Records from a dataset:
---
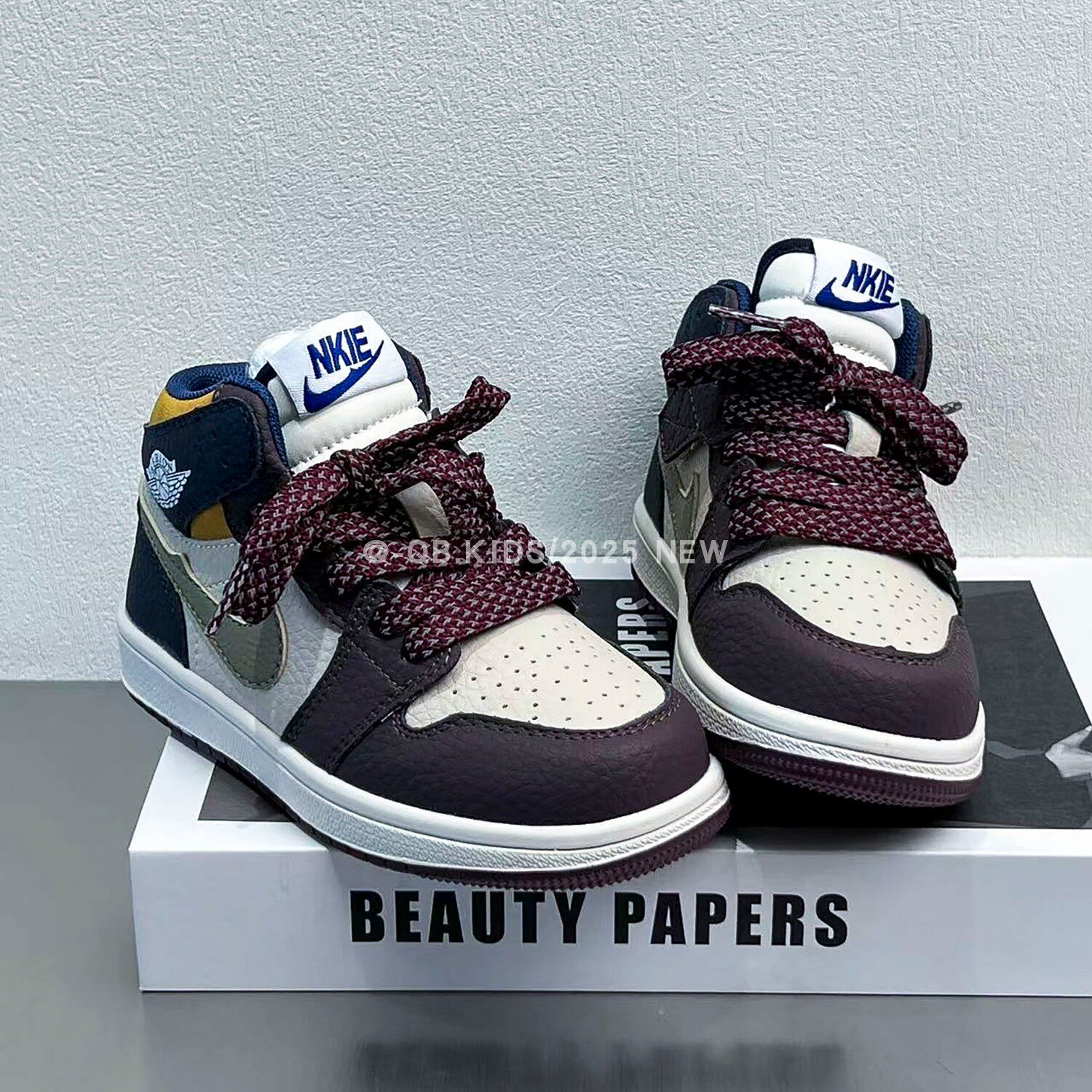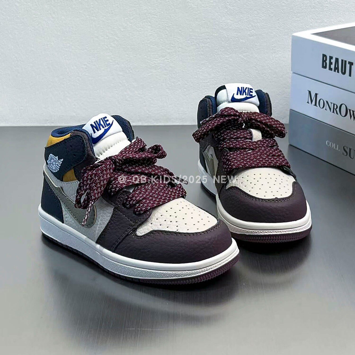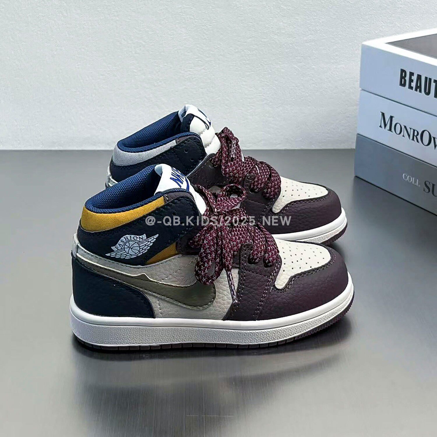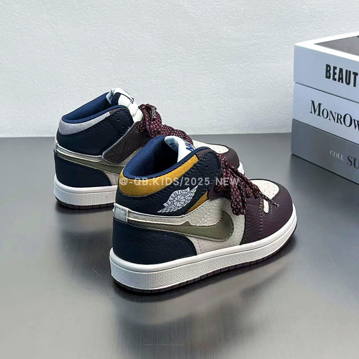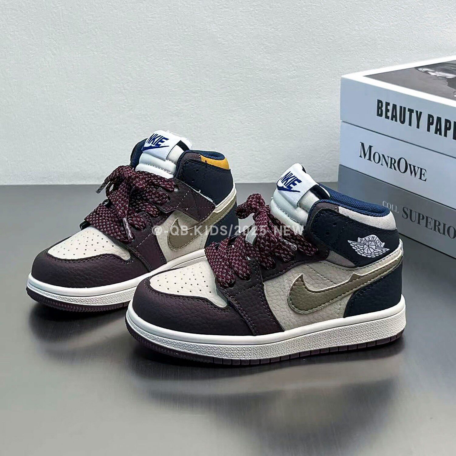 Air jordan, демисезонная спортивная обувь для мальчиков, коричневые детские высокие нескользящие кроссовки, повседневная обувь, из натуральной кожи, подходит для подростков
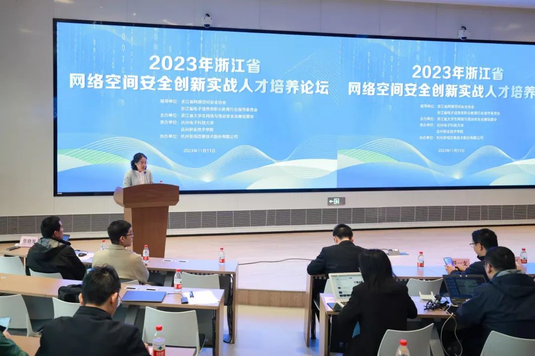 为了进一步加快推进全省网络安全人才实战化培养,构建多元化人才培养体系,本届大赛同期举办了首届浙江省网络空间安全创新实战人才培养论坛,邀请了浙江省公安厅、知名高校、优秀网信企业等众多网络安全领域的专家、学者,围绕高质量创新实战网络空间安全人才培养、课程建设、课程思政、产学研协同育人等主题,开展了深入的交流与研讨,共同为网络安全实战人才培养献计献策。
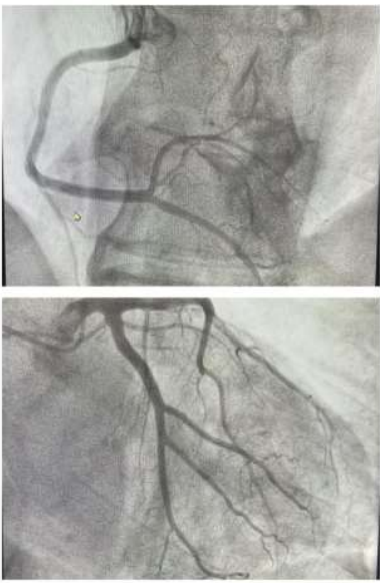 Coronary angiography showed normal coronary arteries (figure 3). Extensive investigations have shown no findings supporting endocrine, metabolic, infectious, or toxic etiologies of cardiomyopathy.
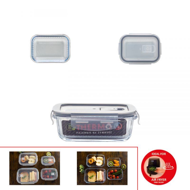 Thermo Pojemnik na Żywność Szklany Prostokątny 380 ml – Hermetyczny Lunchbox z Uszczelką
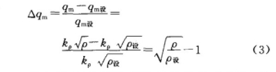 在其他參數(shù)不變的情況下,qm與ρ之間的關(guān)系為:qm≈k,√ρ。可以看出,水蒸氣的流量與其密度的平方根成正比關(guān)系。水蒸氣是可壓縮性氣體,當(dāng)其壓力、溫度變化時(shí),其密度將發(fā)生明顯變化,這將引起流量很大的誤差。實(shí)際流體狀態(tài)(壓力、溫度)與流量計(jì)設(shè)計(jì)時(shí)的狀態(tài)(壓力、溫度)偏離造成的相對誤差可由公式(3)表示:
---
EXERCISE:
Starting with the first line of the records above and stopping after the line containing "为了进一步加快推进全省网络安", repeat every line exactly and leave out the pictures.

SOLUTION BELOW:
 Air jordan, демисезонная спортивная обувь для мальчиков, коричневые детские высокие нескользящие кроссовки, повседневная обувь, из натуральной кожи, подходит для подростков
 为了进一步加快推进全省网络安全人才实战化培养,构建多元化人才培养体系,本届大赛同期举办了首届浙江省网络空间安全创新实战人才培养论坛,邀请了浙江省公安厅、知名高校、优秀网信企业等众多网络安全领域的专家、学者,围绕高质量创新实战网络空间安全人才培养、课程建设、课程思政、产学研协同育人等主题,开展了深入的交流与研讨,共同为网络安全实战人才培养献计献策。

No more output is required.